→ **Excerpted data**
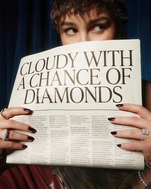 Zales was, self-admittedly, in need of an update. For decades the brand seamed stuck in the past using traditional messaging that urged men to buy jewelry for their female partners. Meanwhile competitive brands were eating our lunch appealing to self-purchasers. But Zales offers something they don't: fine jewelry. We wanted to embrace our roots as a democratic brand and invite women AND men to play with what was previously deemed too precious.
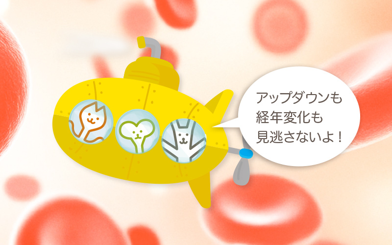 血液検査には、全身をふるいにかけて健康状態を調べたり病気の診断に役立てたりする以外に、「治療効果を判定する」という目的もあります。投与している薬の効果がきちんと出ているかどうか、慢性疾患の症状をコントロールできているかどうか等を数値から読み取り、別の薬や治療法の検討を含め、より良い健康管理支援ができるよう役立てます。
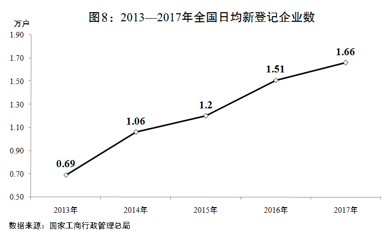 二是大眾創(chuàng)業(yè)萬(wàn)眾創(chuàng)新不斷深化。《國(guó)務(wù)院關(guān)于強(qiáng)化實(shí)施創(chuàng)新驅(qū)動(dòng)發(fā)展戰(zhàn)略進(jìn)一步推進(jìn)大眾創(chuàng)業(yè)萬(wàn)眾創(chuàng)新深入發(fā)展的意見(jiàn)》(國(guó)發(fā)〔2017〕37號(hào))印發(fā)實(shí)施。新支持92個(gè)國(guó)家雙創(chuàng)示范基地建設(shè),建成4298家眾創(chuàng)空間、3255家科技企業(yè)孵化器和400余家企業(yè)加速器,第三屆全國(guó)雙創(chuàng)活動(dòng)周及“創(chuàng)響中國(guó)”巡回接力活動(dòng)成功舉辦。全年新登記企業(yè)達(dá)到607.4萬(wàn)戶,增長(zhǎng)9.9%,日均新登記企業(yè)達(dá)到1.66萬(wàn)戶。
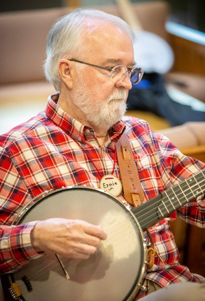 Above: Herb and Gary at the Alabama Folk School, 2020. | Herb in Fretted Instruments, 2007. Right: A young Herb Trotman playing banjo. | Herb teaching a guitar class at AFS.
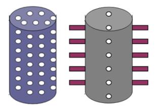 | 图 2 裸眼支撑架(左)和套管射孔支撑架(右)示意图 |
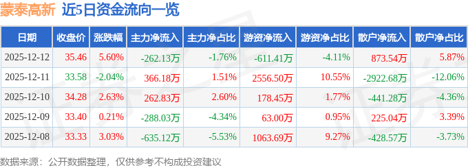证券之星消息,截至2025年12月12日收盘,蒙泰高新(300876)报收于35.46元,上涨5.6%,换手率5.29%,成交量4.29万手,成交额1.49亿元。
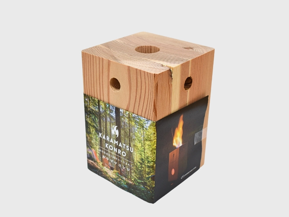 このコンロは、信州産カラマツを使った"そのまま燃やせる焚き火ユニット"です。
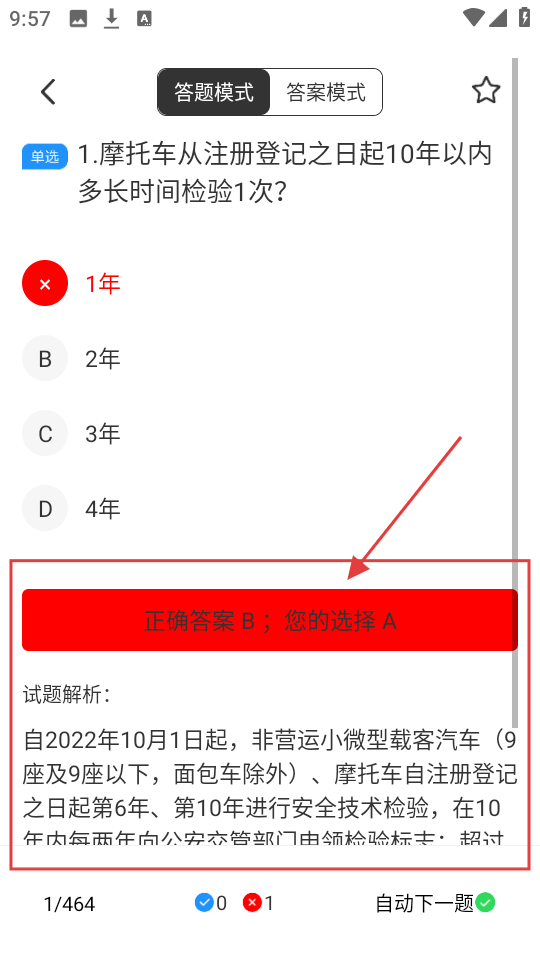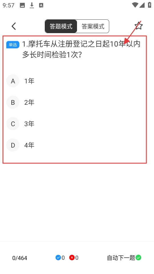 2、在答题页面,认真看题目,如摩托车检验相关题,根据知识选答案,锻炼答题能力。
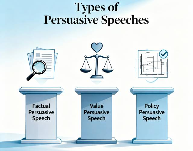 Need topics for each type? Explore our extensive list of persuasive speech topics to get ideas!
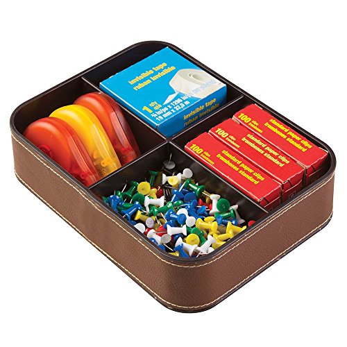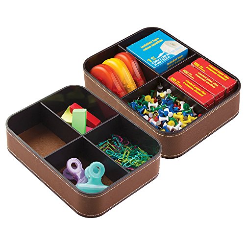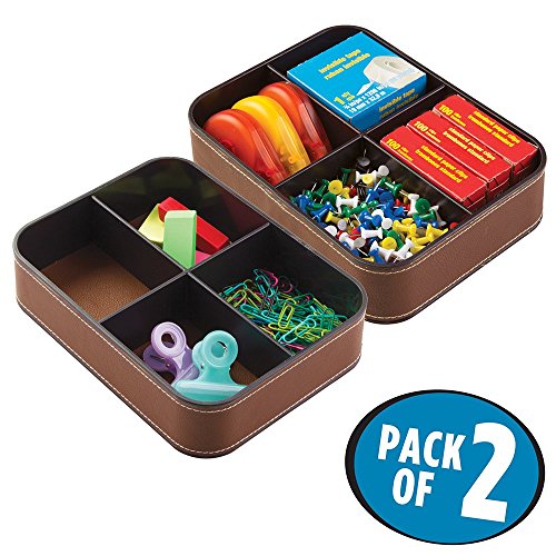 mDesign Office Supplies Desk Organizer Tray for Push Pins, Tape, Staples, Paper Clips - Pack of 2, 4 Compartments, Brown/Dark Brown
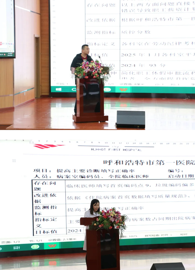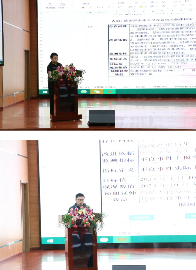 经过一天的学习后,10月20日上午,医务、病案、人事、药剂等科室及医联体代表单位托克托县医院上台,为大家进行PDSA项目汇报,展示前一天的学习成果,同时,张勤老师还鼓励参训人员积极参与到每个项目的点评中,互相交流学习,这种互动式的培训方式不仅增强了培训效果,还促进了医护人员之间的交流和合作。
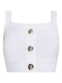 Tweed top [ SKU: 10195929905 ] white textured finish square neckline decorative button detailing wide shoulder straps Reference FF1AB052KI740FA Size and Fit This piece fits true to size. We recommend you get your regular size Model is 1,75m / 5ft 8in wearing size 36 (FR)
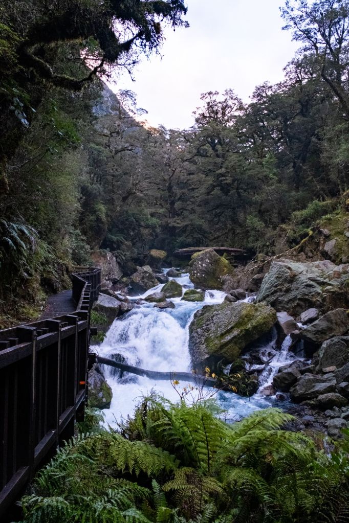 Après avoir profité de la jolie vue sur le lac dès le réveil, nous entamons notre journée de route en direction de la région du Fiordland. Comme son nom l’indique, c’est la région des fjords néo-zélandais, et le paysage promet d’être grandiose.
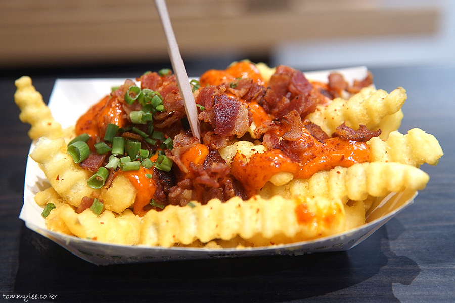 두툼한 크링클컷 프라이에 고추장 마요소스와 베이컨칩을 올리고 쪽파와 고춧가루로 장식한 그런 느낌이라 보시면 되겠네요..
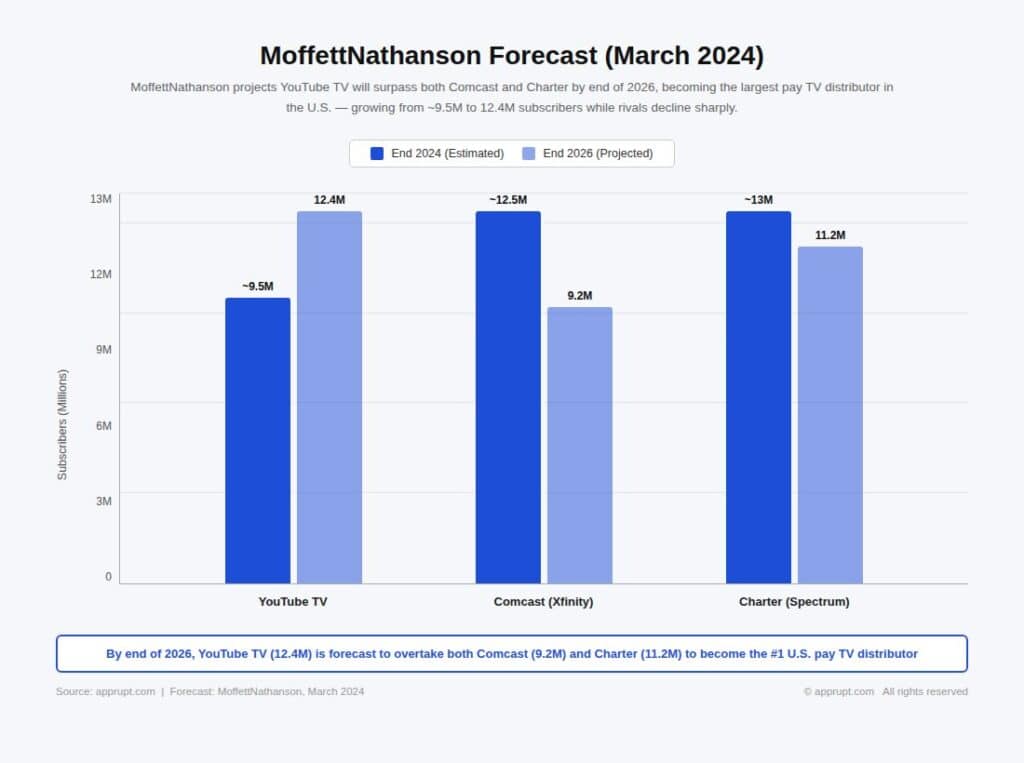 MoffettNathanson projected YouTube TV would reach 12.4 million subscribers by the end of 2026, adding roughly 1.5 million per year. At that point, it would surpass both Comcast (projected at 9.2 million) and Charter (11.2 million) as the largest pay TV operator.
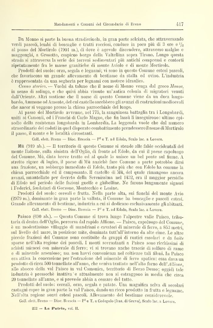 Coli, elett. Breno — Dioc. Brescia — P3 e T. a C.edegolo (fraz. dì Grevo), Scalo lac. a Lovere.
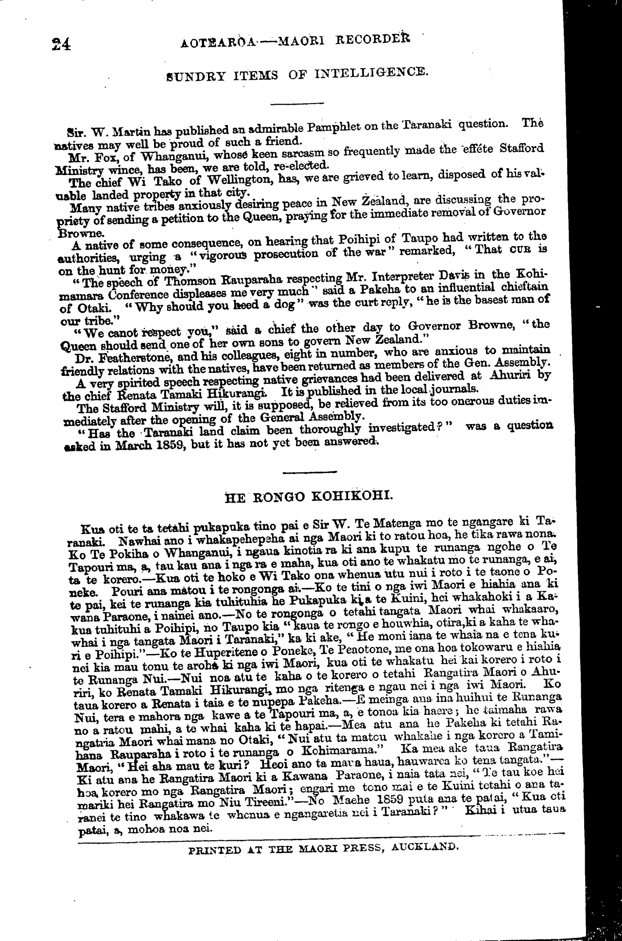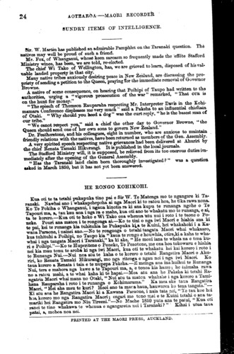 mariki hei Rangatira mo Niu Tireni. "—No Maehe 1859 puta ana te patai, " Kua oti
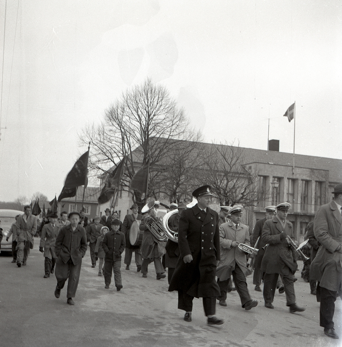 Första majtåg med mässingsorkester passerar Borgholms rådhus vid torget.
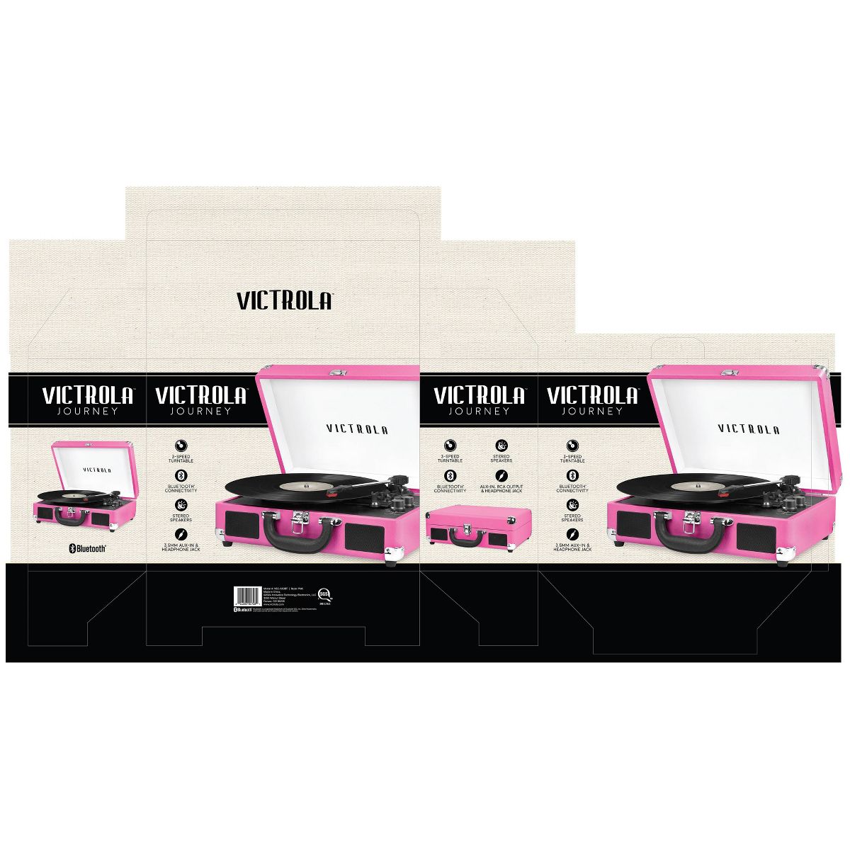 Victrola Journey 3-Speed Bluetooth Suitcase Record Player - Pink: Belt Drive, Built-In Speaker
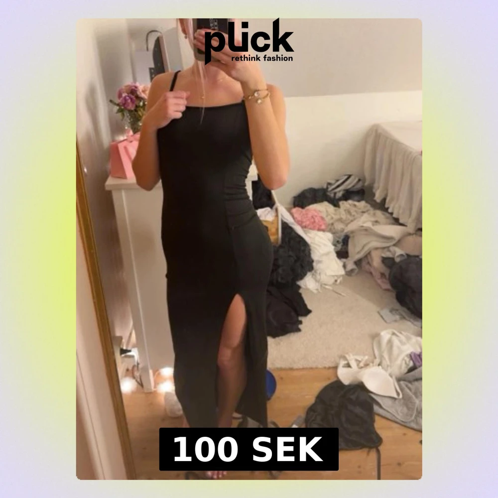 Säljer en svart långklänning med smala axelband och en snygg slits framtill. Klänningen har en figurnära passform och enkel, stilren design som ger en elegant look. Perfekt för dig som vill ha något klassiskt men ändå trendigt.
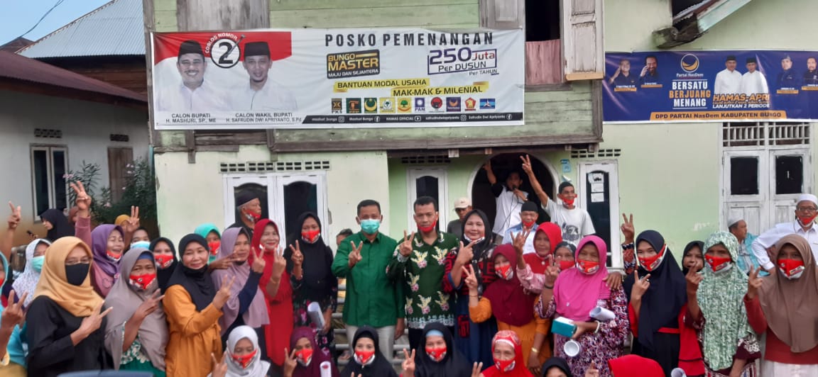 NARASIJURNAL.COM, BUNGO – Dukungan terhadap pasangan Hamas-Apri tidak mengenal basis lawan. Masyarakat tetap berbondong-bondong menyatakan kesiapan memenangkan pasangan Hamas-Apri pada pemilihan 9 Desember nanti.
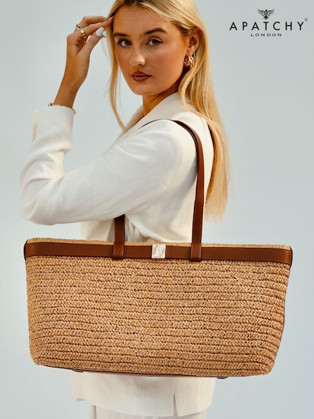 Apatchy Brown The Esme Raffia Tote Bag with Leather Trim
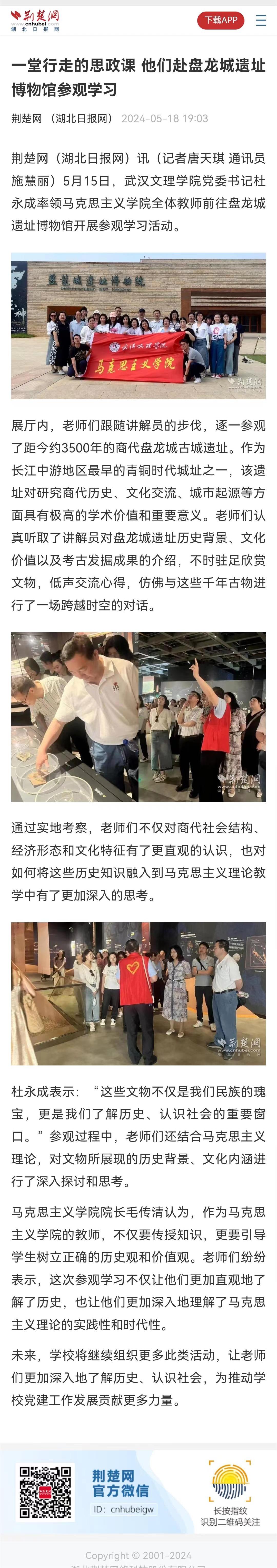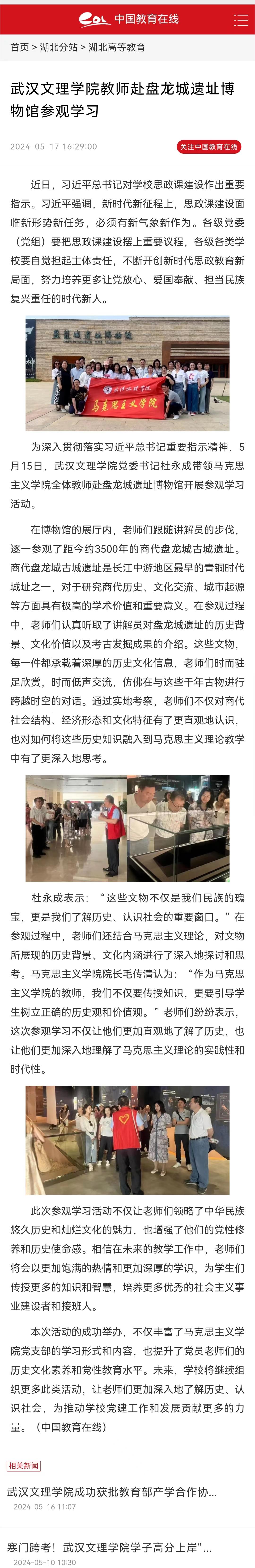 5月15日,武汉文理公司党委书记杜永成率领bw必威西汉姆联官方网站全体教师前往盘龙城遗址博物馆开展参观学习活动。荆楚网(湖北日报网)、中国教育在线等媒体进行报道。以下为相关报道内容。
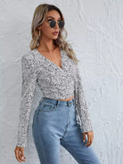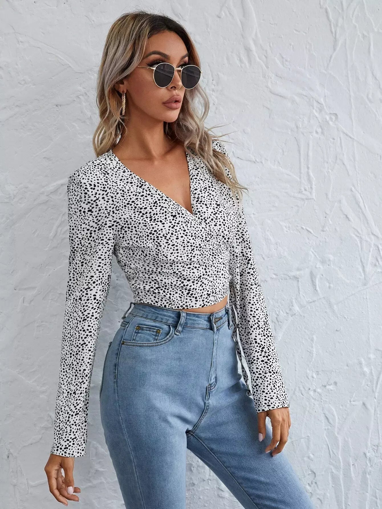 بلوزة ملفوفة برقبة ذات طباعة دلماسية بدون حزام

→ **Exercise directions**
Return the lines from the one that contains "Första majtåg med" through the final line of the listing above, inclusive. Transcribe them exactly and drop the pictures.

→ **Problem solution**
 Första majtåg med mässingsorkester passerar Borgholms rådhus vid torget.
 Victrola Journey 3-Speed Bluetooth Suitcase Record Player - Pink: Belt Drive, Built-In Speaker
 Säljer en svart långklänning med smala axelband och en snygg slits framtill. Klänningen har en figurnära passform och enkel, stilren design som ger en elegant look. Perfekt för dig som vill ha något klassiskt men ändå trendigt.
 NARASIJURNAL.COM, BUNGO – Dukungan terhadap pasangan Hamas-Apri tidak mengenal basis lawan. Masyarakat tetap berbondong-bondong menyatakan kesiapan memenangkan pasangan Hamas-Apri pada pemilihan 9 Desember nanti.
 Apatchy Brown The Esme Raffia Tote Bag with Leather Trim
 5月15日,武汉文理公司党委书记杜永成率领bw必威西汉姆联官方网站全体教师前往盘龙城遗址博物馆开展参观学习活动。荆楚网(湖北日报网)、中国教育在线等媒体进行报道。以下为相关报道内容。
 بلوزة ملفوفة برقبة ذات طباعة دلماسية بدون حزام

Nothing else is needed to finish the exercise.